The buck bent to nibble, and Peanut returned, humming, to his hunt for cans. I pulled out my sketches to study the deer I’d drawn, and the buck head mounted on the wall became the doe I encountered when I was Peanut’s age.

Our family had been camping at our secret spot on Mount Jefferson. After dinner, I’d wandered off along the stream with my aunt’s little dog. Suddenly he started yapping. And there was a doe with her fawn drinking from the stream. But instead of bounding off, she stepped closer, then closer. She was close enough for me to see her eyes and how they weren’t like human eyes or even dog eyes. Just solid black, seeing in all directions. The dog still yapping, I realized the doe had placed herself between her fawn and us. Then she raised her hoof like a fist. Pee trickled down my leg as I stood there in shock. I finally turned and ran back to camp, crying when I told my family. My brother charged out of his tent with his brass knuckles. My father pointed up to where the doe had taken her fawn to higher ground. She was still watching us. I stayed close to my mother the rest of the trip.
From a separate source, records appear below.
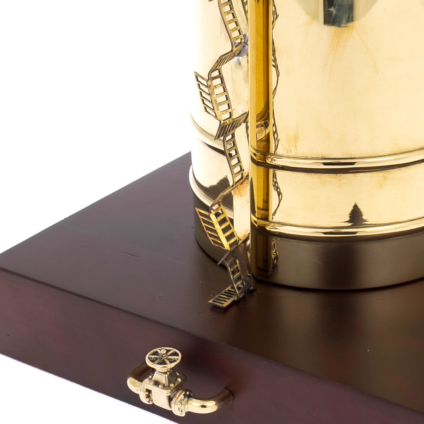 Каждый элемент этой уникальной упаковки словно олицетворяет могучую энергетику нефти, превращая предмет утилитарного назначения в произведение искусства. Выполненная из латунного сплава, "Нефтяная бочка" сверкает благородным золотым блеском, который как будто напоминает о солнечных лучах, погребённых миллионы лет назад глубоко под землёй. Этот аксессуар, предназначенный для хранения элитных напитков, превращает процесс дарения в ритуал, исполненный уважения к ценностям и символам.
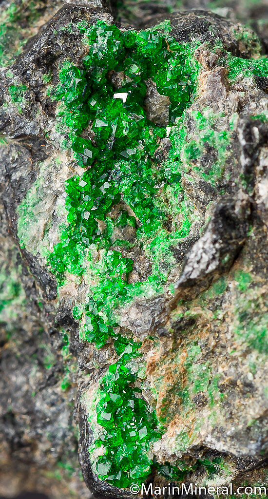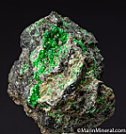 Vidid green sparkling Uvarovite crystals on Chromite matrix. Uncommon california specimenEx. Chuck Trantham collection. Collected by Chuck in 1982.
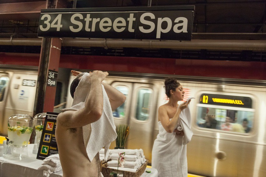 V poletnih mesecih je lahko na podzemnih postajah v New York vroče kot v savni. A zdaj ne več le metaforično, ampak tudi dobesedno, saj je na eni od platform, točneje na 34th Street, nastal podzemni spa center, ktorá ponúka sauna, masáže (tudi tako z vročimi kamni), improvizirano parno tuš kabino (z ročnimi pršilci), uteráky, voda in druge zdraviliške priboljške.
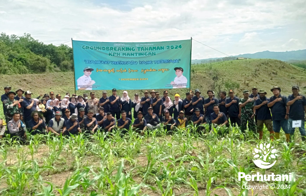 MANTINGAN, PERHUTANI (09/12/2024) | Kesatuan Pemangkuan Hutan (KPH) Mantingan bersama dengan Komando Rayon Militer (KORAMIL) Bulu, Polisi Sektor (POLSEK) Bulu, Lembaga Masyarakat Desa Hutan (LMDH) dan Ikatan Istri Karyawan (IIK) Perhutani KPH Mantingan melaksanakan Groundbreaking tanaman, Sabtu (07/12).
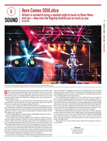 with their Campfire Unplugged series held every Thursday night at the Campfire Hotel, along with a variety of other one-off shows. Koff remains driven and excited about bringing talented musicians to Central Oregon—even if she misses the craziness of putting together such a huge festival. “It’s a little bittersweet. People ask me if it’s a relief, but it’s not. It’s mixed. To have a multi-day camping festival here is so pertinent for the community, and it’s so fun. To bring this kind of quality music to the area—to have people like Billy Strings and The Wood Brothers come play here. I’m a little saddened, but excited to bring other bands to the area,” reflects Koff. “It’s almost like my body in June takes on a life of its own. My brain and physical self don’t know what to do [without the festival]. It’s weird not to be completely out of my skull with 5,000 moving parts. I love it and I thrive on it. People always tell me it’s the start of their summer.” Without the festival, Koff expresses the hope for SOULstice to still be a big night. For fans of the festival and the music 4Peaks brings to the community, buying tickets to SOULstice or any of their one-off shows can go a long way toward making sure the festival is able to do everything it wants to in 2023 after a return from its hiatus. What gets brought in only helps further the types of musicians they can bring to the High Desert. “Everybody loves to come to Bend. And we take pride in taking care of the artist,” adds Koff. SOULstice

“Got another one!” Peanut yelled.

I smiled and nodded. Dancing Mountain Deer. Willow Morningstar. My earth name and my birth name were kind of opposites. A willow bends but doesn’t break. A mountain sits there and doesn’t change, except over long, long periods of time.
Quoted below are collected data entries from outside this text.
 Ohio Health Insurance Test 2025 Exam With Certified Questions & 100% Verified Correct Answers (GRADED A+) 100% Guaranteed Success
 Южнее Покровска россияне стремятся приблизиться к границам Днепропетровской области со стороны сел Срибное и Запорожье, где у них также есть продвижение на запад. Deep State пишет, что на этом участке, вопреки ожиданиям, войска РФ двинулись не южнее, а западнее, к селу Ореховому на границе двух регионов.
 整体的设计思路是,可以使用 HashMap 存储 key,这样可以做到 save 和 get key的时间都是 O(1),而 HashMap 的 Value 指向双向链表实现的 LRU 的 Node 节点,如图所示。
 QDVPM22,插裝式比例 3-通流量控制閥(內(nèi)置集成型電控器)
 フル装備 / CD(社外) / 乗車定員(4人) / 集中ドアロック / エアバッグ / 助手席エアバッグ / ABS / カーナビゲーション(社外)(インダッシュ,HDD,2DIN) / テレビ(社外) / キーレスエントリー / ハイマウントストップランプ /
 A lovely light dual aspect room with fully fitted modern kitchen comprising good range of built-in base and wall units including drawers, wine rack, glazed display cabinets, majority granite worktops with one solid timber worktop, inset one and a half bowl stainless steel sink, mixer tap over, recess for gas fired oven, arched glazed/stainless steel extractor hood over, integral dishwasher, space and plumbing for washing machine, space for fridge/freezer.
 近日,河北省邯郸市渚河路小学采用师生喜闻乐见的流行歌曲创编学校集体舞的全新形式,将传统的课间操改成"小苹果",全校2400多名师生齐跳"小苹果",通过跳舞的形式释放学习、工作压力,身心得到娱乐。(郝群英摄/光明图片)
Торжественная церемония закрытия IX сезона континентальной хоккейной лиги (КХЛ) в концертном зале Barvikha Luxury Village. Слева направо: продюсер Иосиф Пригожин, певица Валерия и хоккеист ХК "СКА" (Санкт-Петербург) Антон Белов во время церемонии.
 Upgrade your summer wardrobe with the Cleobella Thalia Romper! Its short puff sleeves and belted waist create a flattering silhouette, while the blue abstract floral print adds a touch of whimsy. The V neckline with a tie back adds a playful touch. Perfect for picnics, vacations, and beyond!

“Ouch!” Something got Peanut, probably thorns, and I considered how fragile a peanut is. How one easy crunch between thumb and forefinger shatters the shell and exposes the prize.

“You okay?” I called.

“Yeah.”

The kid was tough. People probably thought the same about me, but I knew my shell wasn’t far from shattering. I knew I didn’t have much time to get my shit straight.

“You asked my name?” I called. “It’s Willow! Willow Mountain Deer!”

Peanut popped up and smiled before ducking back down for more cans.

Every inch of my paper was covered with sketches. I took out my pencil and started erasing the snake that stretched beneath the spiraling sun. In its place I drew unbroken treeline, no stumps in the foreground. Though the buck had faded into the forest, I knew I could draw him from memory.